_Your assignment_: After locating the line that contains "Surprenez vos proches" in the material below, copy that line and each one following it, exactly, up to the last line. Pictures stay out.

_Input data_:
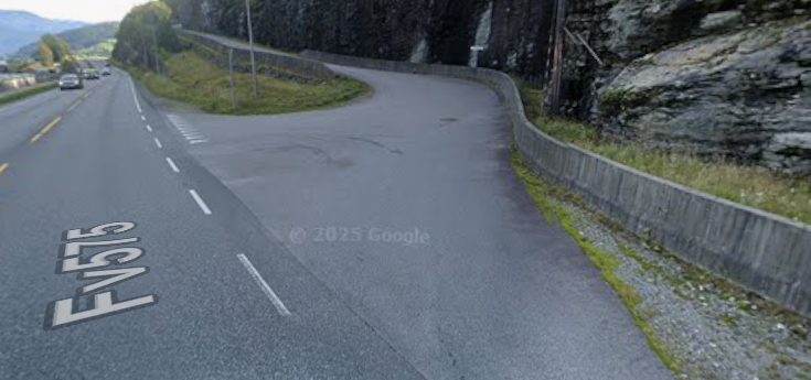 Frå Gjermundshamn køyrer vi i retning Norheimsund. Etter å ha passert kyrkja i Vikøy køyrer vi knappe 2 km og tek av til venstre (180 graders sving) opp Tveitevegen som ser slik ut:
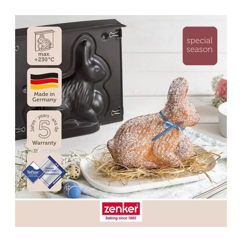 Surprenez vos proches avec des créations originales et savoureuses grâce à l'ensemble de moule lapin de Pâques 3D et 5 emporte-pièces lapin de la marque ZENKER.
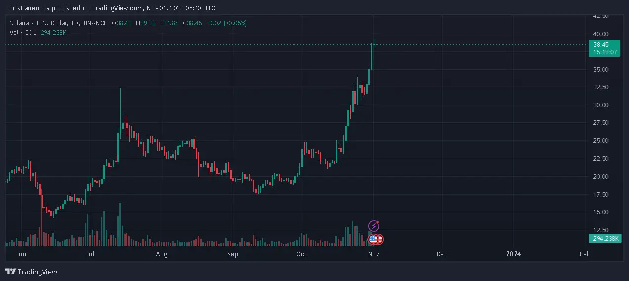 The journey toward $40 has been an exciting one, with SOL appreciating by approximately 80% from its intramonth low of around $21.07, a level it touched near October 12, as per CoinMarketCap figures. While SOL has demonstrated its potential, the looming question on everyone’s mind is whether it can indeed break through the $40 resistance and continue its bullish run.

_Solution to the exercise_:
 Surprenez vos proches avec des créations originales et savoureuses grâce à l'ensemble de moule lapin de Pâques 3D et 5 emporte-pièces lapin de la marque ZENKER.
 The journey toward $40 has been an exciting one, with SOL appreciating by approximately 80% from its intramonth low of around $21.07, a level it touched near October 12, as per CoinMarketCap figures. While SOL has demonstrated its potential, the looming question on everyone’s mind is whether it can indeed break through the $40 resistance and continue its bullish run.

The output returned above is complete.